The Institute of Medicine will produce a report tentatively titled “Accelerating Rare Disease Research and Orphan Product Development.” The report will include discussions and recommendations on discovery, drug development, FDA, the clinical trial process, insurance, Medicare/Medicaid, and devices. This is expected to put additional pressure on FDA to revise and revamp the orphan drug development process.
We think that FDA will make explicit statements in its new 2011 guidance re-affirming its right to flexibility and discretion in enforcing those drug development guidelines already in place. We also think the 2011 guideline may particularly focus on the acceptance and validation of disease-appropriate surrogate endpoints, biostatistical powering of clinical trials, and the validity of historical disease progression or disease registry data as comparators.

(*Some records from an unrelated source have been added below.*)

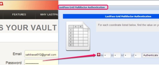 LastPass also allows other two factor authentication applications, like Toopher, Duo Security, and Transakt. Apart from this, there is Grid Multifactor Authentication option available that provides codes, which you need to enter while logging to your account.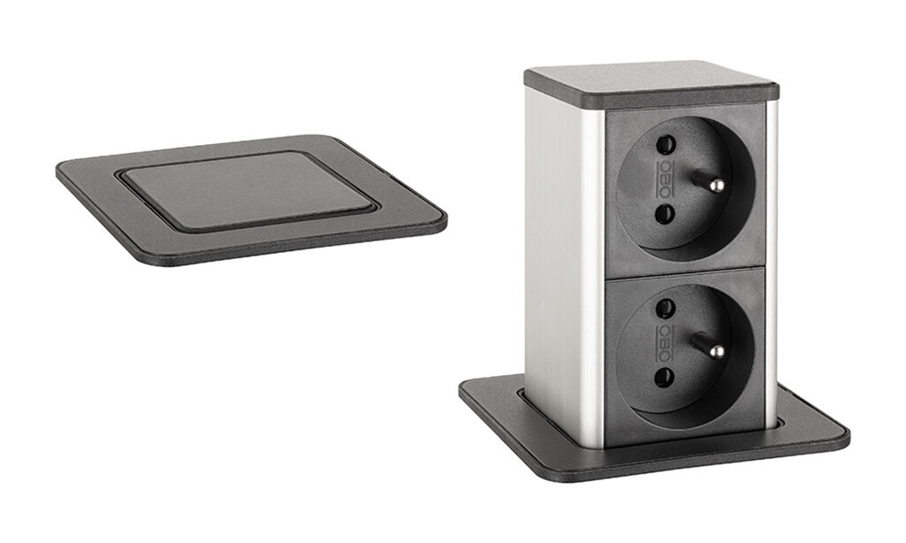 Tip pro montáž: Díky kompaktní hloubce je tato zásuvka vhodná i pro desky, pod kterými se nacházejí zásuvkové kontejnery (vždy si však ověřte prostorovou nenáročnost pod pracovní deskou).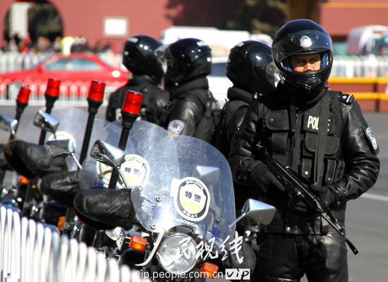 人民網北京3月3日電 為確保全國兩會召開,2011年3月2日北京天安門廣場,加強了安全警力,武警戰士和公安民警在天安門廣場進行執勤、巡邏、巡查工作,為兩會保駕護航。(徐經來)
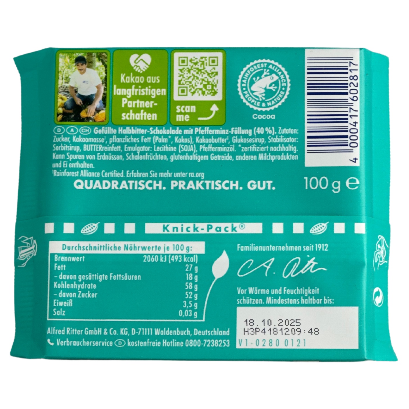 Шоколад Ritter Sport Pfefferminz- це молочний шоколад з начинкою з м’яти. Він має приємний освіжаючий смак, поєднуючи солодкість шоколаду з легкою пряністю м’яти. Цей шоколад часто підходить для тих, хто любить незвичайні поєднання смаків. Якщо ти любиш шоколад з м’ятними нотами, цей варіант точно варто спробувати!

Congressional Support a Bonus
Some rare disease advocacy groups are also requesting $10 million in 2011 to establish a new FDA division for biochemical and genetic diseases. Patient advocates made a case for establishment of this division at a June 23 congressional session. We believe, based on these proceedings, that there is significant congressional support for increased involvement of the FDA in orphan diseases. Recently, a new bi-partisan Rare Diseases Caucus in the house of representative was formed. We think a corresponding Senate caucus will be announced soon and that its first meeting will be held later this month.
We believe this bi-partisan congressional caucus for orphan drug development will maintain government focus on the orphan disease initiative. Given that the FDA has come under fire from other groups in Congress for approving drugs without sufficient emphasis on safety, a congressional group that promotes orphan drugs would empower FDA with legislative support to make orphan drug approval more efficient.

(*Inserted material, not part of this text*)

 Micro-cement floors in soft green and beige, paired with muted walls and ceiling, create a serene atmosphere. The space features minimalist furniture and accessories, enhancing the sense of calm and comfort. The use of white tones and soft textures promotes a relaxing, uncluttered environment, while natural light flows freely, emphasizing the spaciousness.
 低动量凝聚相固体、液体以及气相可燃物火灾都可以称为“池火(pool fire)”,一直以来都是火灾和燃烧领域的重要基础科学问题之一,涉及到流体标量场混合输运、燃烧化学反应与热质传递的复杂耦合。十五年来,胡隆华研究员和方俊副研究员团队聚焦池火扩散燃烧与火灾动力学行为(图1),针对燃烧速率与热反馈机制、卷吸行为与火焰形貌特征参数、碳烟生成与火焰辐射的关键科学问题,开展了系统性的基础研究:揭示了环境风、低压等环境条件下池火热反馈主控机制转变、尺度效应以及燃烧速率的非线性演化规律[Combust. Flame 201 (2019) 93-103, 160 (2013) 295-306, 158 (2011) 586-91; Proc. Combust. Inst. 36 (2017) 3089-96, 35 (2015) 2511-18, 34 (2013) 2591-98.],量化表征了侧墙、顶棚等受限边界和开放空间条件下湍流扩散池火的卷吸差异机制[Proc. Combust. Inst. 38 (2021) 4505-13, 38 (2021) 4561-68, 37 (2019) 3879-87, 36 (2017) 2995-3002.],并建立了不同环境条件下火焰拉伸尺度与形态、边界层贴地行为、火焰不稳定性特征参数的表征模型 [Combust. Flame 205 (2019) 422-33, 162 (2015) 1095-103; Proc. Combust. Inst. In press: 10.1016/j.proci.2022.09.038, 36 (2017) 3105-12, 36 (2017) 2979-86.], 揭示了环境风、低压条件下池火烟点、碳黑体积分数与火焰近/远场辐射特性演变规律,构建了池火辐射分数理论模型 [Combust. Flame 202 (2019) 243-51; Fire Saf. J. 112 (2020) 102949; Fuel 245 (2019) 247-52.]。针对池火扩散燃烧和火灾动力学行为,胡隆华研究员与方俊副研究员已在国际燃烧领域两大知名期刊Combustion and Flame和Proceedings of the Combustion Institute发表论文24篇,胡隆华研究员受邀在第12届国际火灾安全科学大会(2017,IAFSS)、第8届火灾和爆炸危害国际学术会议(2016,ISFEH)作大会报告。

The FDA also appears to be independently implementing initiatives to assist companies that are attempting to develop new orphan therapies. For instance, the Office of Orphan Products Division (OOPD) is holding a series of interactive workshops to assist developers in securing an orphan designation. These workshops allow developers real-time feedback with current OOPD reviewers as they develop and finalize their applications for orphan status. The FDA is also holding workshops to assist in designing clinical trials.
Overall, we think that orphan drug development may change for the better in the next few years. We think that the FDA is taking a significantly more collaborative approach to orphan drug development and will employ appropriate flexibility and discretion in drug review with the support of Congress. We think that the new FDA and governmental initiatives may meaningfully reduce risk associated with orphan drug development, which may spur investment from venture capitalist, more biotechnology companies, as well as large pharmaceutical companies.
Ritu S. Baral is senior analyst, biotechnology equity research, at Canaccord Genuity.